First let's recall what is **supervised learning**.

> In **supervised learning** we use example data (_training data_) to inform our predictions of future data

Note that this definition includes _classification_ and _regression_ problems. And there are a variety of ways we  can make predictions from past data.

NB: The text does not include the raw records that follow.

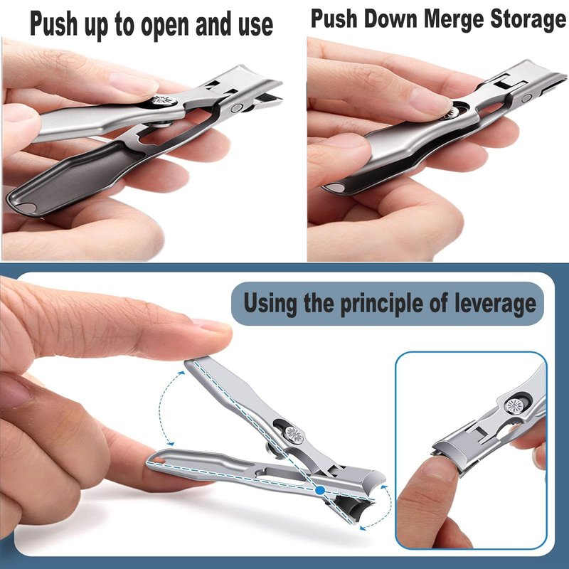 - [Effortless and Portable] Enjoy worry free nail beauty with a wide jaw opening and a long power arm using a nail clipper, easily achieving clean and neat cutting. Even elderly people can easily cut off thick nails, and its self-locking design ensures easy opening and closing, making it easy to carry wherever you go
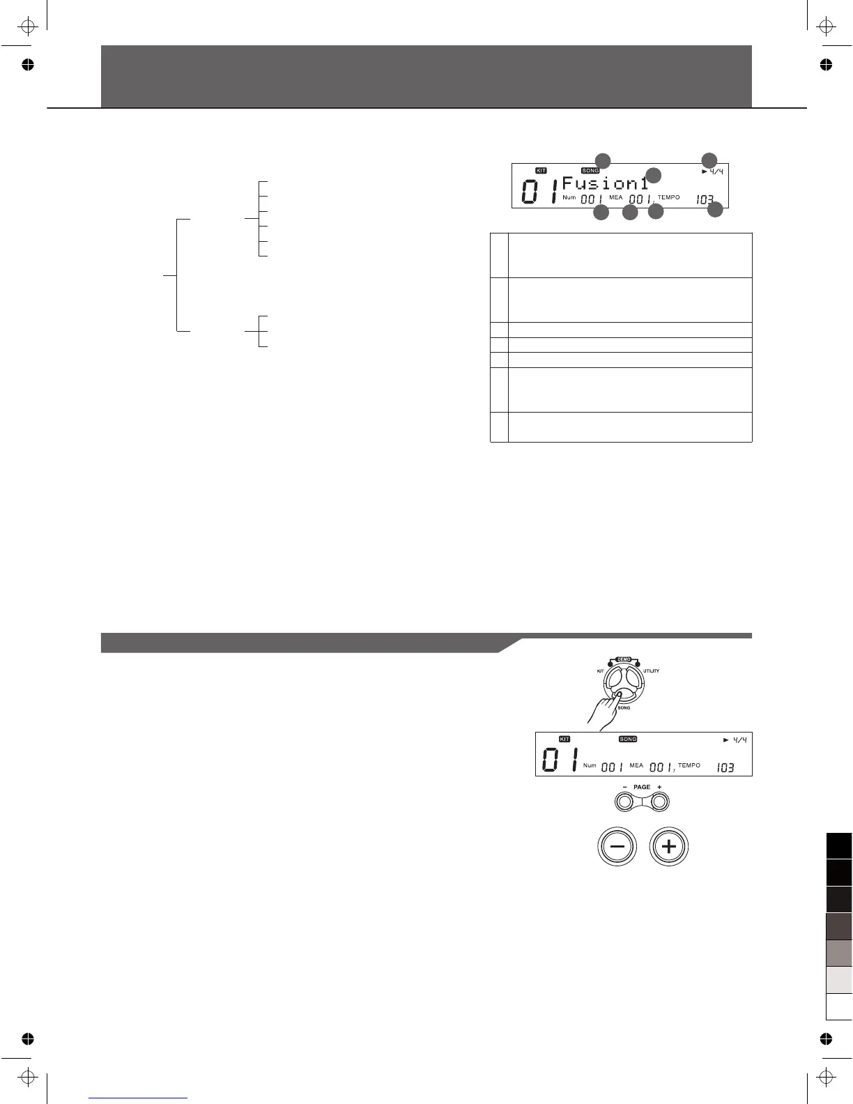 2. Press [PAGE+] / [PAGE-] to select the song category.
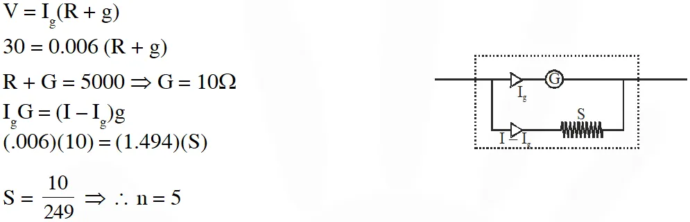 Q. A galvanometer gives full scale deflection with 0.006 A current. By connecting it to a $4990 \Omega$ resistance, it can be converted into a voltmeter of range 0 - 30 V. If connected to a $\frac{2 \mathrm{n}}{249} \Omega$ resistance, it becomes an ammeter of range 0 - 1.5 A. The value of n is :- [JEE Advanced 2014]
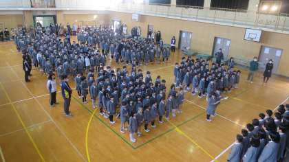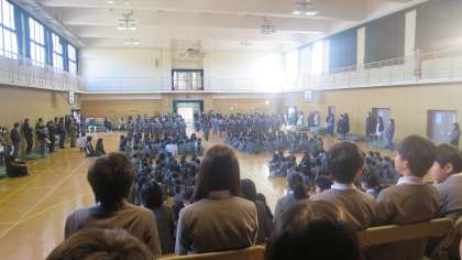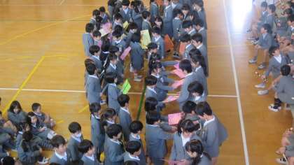 本日、土曜授業で「6年生を送る会」が行われました。4年生、5年生の児童会の子どもたちが中心となって進めていきます。児童代表のことばから始まり、1年生から5年生の各学年からお祝いや感謝、エールのメッセージが述べられ、続いて元気いっぱいの歌や感動を誘う歌が講堂内に響き渡りました。またリコーダーによる演奏なども発表されました。きっと6年生の子どもたちは小学校生活6年間をふり返りながら聞いていたと思います。どの学年の発表も6年生への思いがたくさん込められていました。1年生からは在校生みんなで書いた「お祝いメッセージカード」が6年生に手渡されました。

$k$-nearest neighbors is one such method of making predictions.

## Who's Nearby?

One strategy to make predictions on a new data is to just look at what _similar_ data points are like.

![](images/best_k_fs.png)

We can say _nearby_ points are _similar_ to one another. There are a few different wasy to determine how "close" data points are to one another. Check out the [Level Up section on distance metrics](#Level-Up:-Distance-Metrics) for some more detail.

## Summary of $k$NN

![](images/knn-process.png)

## Implementing in Scikit-Learn

> [`KNeighborsClassifier`](https://scikit-learn.org/stable/modules/generated/sklearn.neighbors.KNeighborsClassifier.html) & [`KNeighborsRegressor`](https://scikit-learn.org/stable/modules/generated/sklearn.neighbors.KNeighborsRegressor.html)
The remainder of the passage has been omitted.